MOSAIC: Efficient Mixture-of-Agent Scheduling via Adaptive Aggregation and Inference Concurrency
For practitioners deploying MoA systems with limited GPU resources, MOSAIC addresses load imbalances caused by skewed expert demand and variable generation lengths, significantly improving throughput.
MOSAIC accelerates Mixture-of-Agents (MoA) workloads on limited GPUs by jointly optimizing expert placement and prompt assignment via an ILP scheduler, and using confidence-aware adaptive aggregation to skip the aggregator LLM for consensus queries. On a 4-GPU system, it achieves 1.7–2.3x end-to-end speedups over the baseline while matching accuracy within 0.1 percentage points.
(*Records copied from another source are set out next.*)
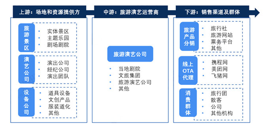 旅游演藝行業(yè)的產(chǎn)業(yè)鏈可以分為上游的內(nèi)容創(chuàng)作與制作、中游的運(yùn)營與管理以及下游的市場推廣與銷售三個(gè)主要環(huán)節(jié)。內(nèi)容創(chuàng)作與制作包括劇本編寫、舞臺設(shè)計(jì)、服裝道具制作等;運(yùn)營與管理涉及演員培訓(xùn)、排練、演出組織等;市場推廣與銷售則包括票務(wù)管理、客戶服務(wù)、品牌建設(shè)等。此外,產(chǎn)業(yè)鏈還涉及到場館建設(shè)、技術(shù)支持、保險(xiǎn)金融等相關(guān)服務(wù)。
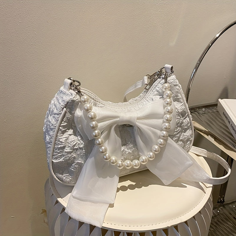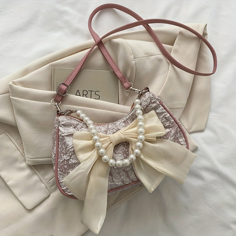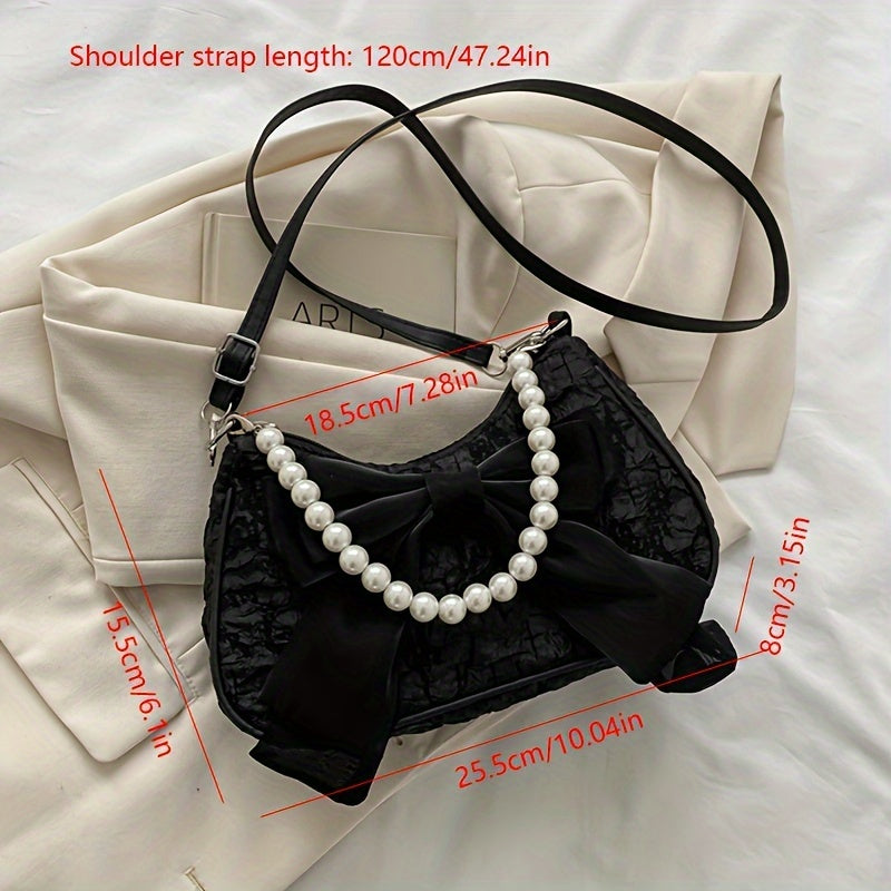 Black Crossbody Bag with Pearl Bow Zipper Closure Polyester Lining Vintage Style
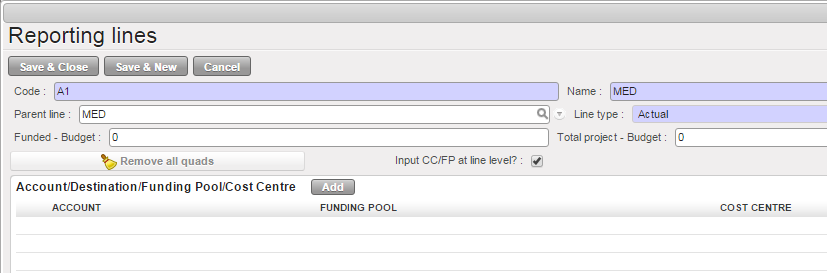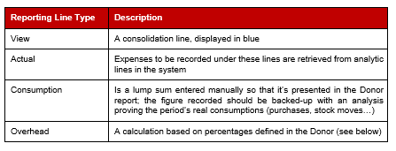 In case Donors require the reporting to be based on activities, we may have to link the same expense account to multiple reporting lines. To manage this constraint we are introducing the notion of “Quadruple”: instead of linking reporting lines with [Expense accounts, Destinations] couples, we are linking them with [Expense accounts, Destinations, Funding Pool, Cost Centre] quadruples by checking the tickbox shown below in the “Actual” reporting lines:

Mixture-of-Agents (MoA) systems improve reasoning accuracy by routing each query to multiple expert LLMs and aggregating their outputs. Efficiently executing this workload on limited GPU resources has bottlenecks. Skill-based routing creates skewed expert demand, and combining instruction-tuned LLMs with long-reasoning models results in extreme variability in generation lengths. Consequently, traditional scheduling strategies suffer from significant GPU idling and throughput collapse due to load imbalances. We present MOSAIC, a scheduling framework to accelerate MoA workloads. First, we formulate an Integer Linear Program (ILP) based scheduler that jointly optimizes expert placement and per-worker prompt assignment from offline-profiled costs, replicating reasoning experts across workers while pinning lightweight ones. Second, MOSAIC uses confidence-aware adaptive aggregation, leveraging inter-expert agreement to bypass the heavy final aggregator LLM for consensus queries. In our 4-GPU system, MOSAIC achieves up to 2.5x expert-stage, 4.23x aggregator-stage and 1.7~2.3x end-to-end speedups over the baseline scheduler, while matching accuracy within 0.1pp.